Repeat the lines from the line with "第5分钟,帕尔默突入禁区加速摆脱罗德里的防守,但射门击中边网。" to the line with "Masz wsparcie na" in the listing below, keeping both end lines and adding nothing.

**Supplied entries**.
____________________

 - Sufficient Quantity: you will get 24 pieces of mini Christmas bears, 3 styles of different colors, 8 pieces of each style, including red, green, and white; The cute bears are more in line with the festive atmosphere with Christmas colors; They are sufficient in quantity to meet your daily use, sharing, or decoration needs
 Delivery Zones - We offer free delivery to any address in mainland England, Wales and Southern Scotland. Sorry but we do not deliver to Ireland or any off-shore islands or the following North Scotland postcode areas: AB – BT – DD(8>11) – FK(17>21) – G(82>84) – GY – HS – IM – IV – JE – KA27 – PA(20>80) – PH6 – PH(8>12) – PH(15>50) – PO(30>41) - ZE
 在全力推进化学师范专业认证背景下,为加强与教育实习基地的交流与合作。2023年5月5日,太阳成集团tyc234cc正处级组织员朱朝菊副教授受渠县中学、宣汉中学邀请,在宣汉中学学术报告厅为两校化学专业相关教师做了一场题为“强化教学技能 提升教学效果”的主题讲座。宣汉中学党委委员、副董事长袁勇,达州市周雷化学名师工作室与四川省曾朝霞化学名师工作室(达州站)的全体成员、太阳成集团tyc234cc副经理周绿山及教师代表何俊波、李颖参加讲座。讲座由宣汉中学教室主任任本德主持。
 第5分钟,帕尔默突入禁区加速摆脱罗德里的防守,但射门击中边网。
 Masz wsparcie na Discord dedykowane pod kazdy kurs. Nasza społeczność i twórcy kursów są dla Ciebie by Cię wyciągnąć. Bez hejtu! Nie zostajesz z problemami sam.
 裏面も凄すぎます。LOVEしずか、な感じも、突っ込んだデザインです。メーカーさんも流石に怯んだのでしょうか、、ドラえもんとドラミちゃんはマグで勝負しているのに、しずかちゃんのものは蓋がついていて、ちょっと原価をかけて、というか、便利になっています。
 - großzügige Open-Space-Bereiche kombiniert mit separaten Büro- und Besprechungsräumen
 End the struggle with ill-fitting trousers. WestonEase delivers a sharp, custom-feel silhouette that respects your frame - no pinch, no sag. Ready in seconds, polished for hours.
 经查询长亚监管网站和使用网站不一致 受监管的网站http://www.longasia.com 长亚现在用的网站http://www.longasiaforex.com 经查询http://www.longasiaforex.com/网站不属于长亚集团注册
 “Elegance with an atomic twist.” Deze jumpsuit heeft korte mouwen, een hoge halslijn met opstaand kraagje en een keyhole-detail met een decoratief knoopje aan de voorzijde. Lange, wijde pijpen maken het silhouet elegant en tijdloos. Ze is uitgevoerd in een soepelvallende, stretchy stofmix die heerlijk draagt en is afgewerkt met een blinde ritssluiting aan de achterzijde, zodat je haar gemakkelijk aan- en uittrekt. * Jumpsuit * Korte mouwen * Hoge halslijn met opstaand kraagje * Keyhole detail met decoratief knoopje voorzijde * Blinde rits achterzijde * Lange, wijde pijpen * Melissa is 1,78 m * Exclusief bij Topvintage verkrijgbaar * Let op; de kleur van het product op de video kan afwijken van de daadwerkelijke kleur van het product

____________________

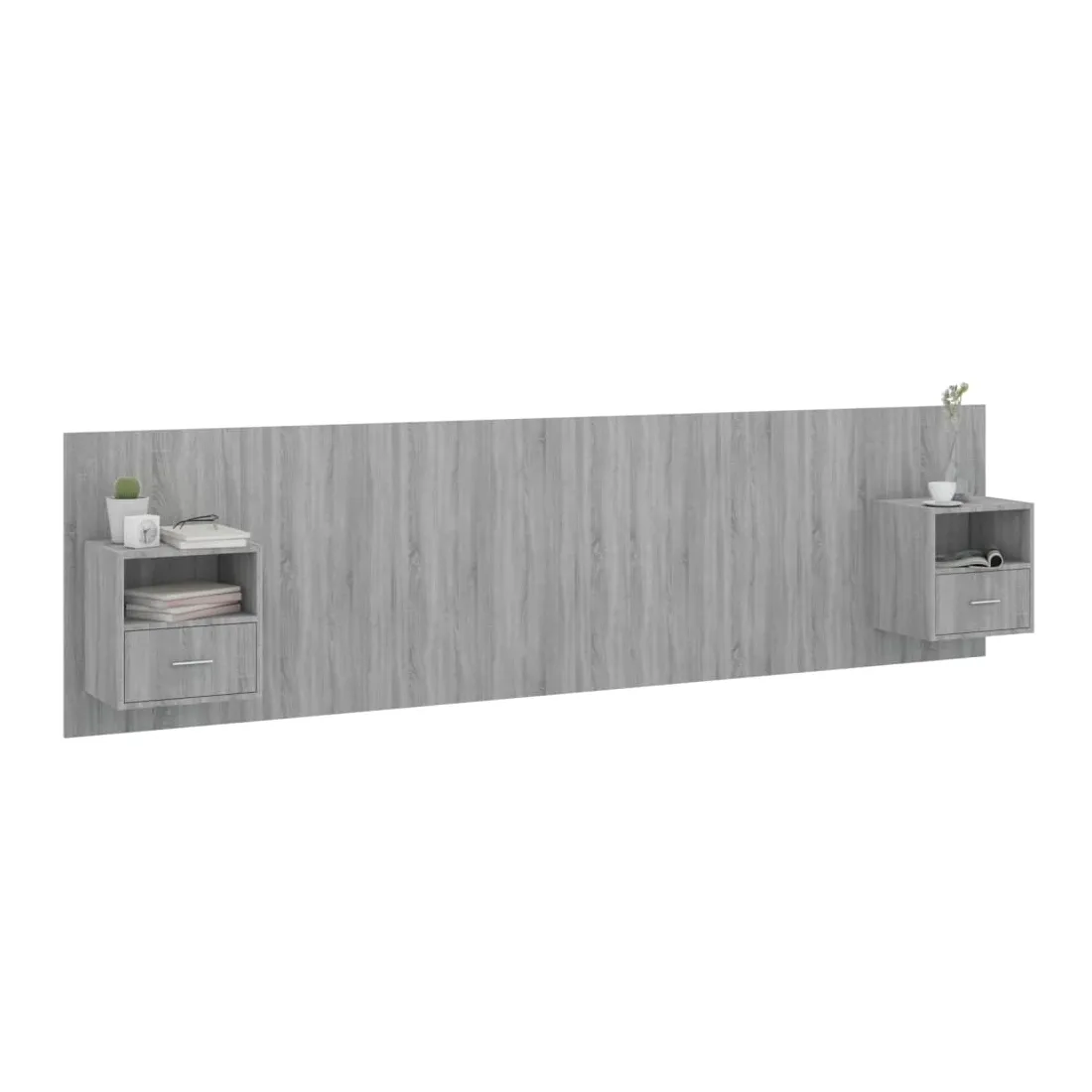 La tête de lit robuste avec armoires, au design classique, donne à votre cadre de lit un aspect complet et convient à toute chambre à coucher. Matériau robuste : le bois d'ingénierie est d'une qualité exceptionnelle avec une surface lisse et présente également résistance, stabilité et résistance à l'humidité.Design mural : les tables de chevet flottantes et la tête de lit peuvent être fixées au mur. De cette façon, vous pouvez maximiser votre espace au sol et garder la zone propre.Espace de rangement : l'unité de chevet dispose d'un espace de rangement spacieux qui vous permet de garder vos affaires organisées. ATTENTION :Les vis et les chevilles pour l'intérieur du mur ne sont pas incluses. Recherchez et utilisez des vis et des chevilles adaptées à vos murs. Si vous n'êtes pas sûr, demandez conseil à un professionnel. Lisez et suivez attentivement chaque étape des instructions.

____________________

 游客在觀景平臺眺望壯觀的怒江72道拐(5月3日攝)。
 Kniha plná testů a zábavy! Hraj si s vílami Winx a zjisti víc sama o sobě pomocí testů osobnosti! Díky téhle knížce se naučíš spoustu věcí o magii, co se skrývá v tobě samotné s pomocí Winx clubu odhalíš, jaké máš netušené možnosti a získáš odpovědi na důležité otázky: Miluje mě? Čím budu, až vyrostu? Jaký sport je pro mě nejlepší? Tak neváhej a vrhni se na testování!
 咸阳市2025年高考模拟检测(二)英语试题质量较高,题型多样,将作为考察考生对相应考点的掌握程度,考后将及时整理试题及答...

____________________

**Written answer**.
 第5分钟,帕尔默突入禁区加速摆脱罗德里的防守,但射门击中边网。
 Masz wsparcie na Discord dedykowane pod kazdy kurs. Nasza społeczność i twórcy kursów są dla Ciebie by Cię wyciągnąć. Bez hejtu! Nie zostajesz z problemami sam.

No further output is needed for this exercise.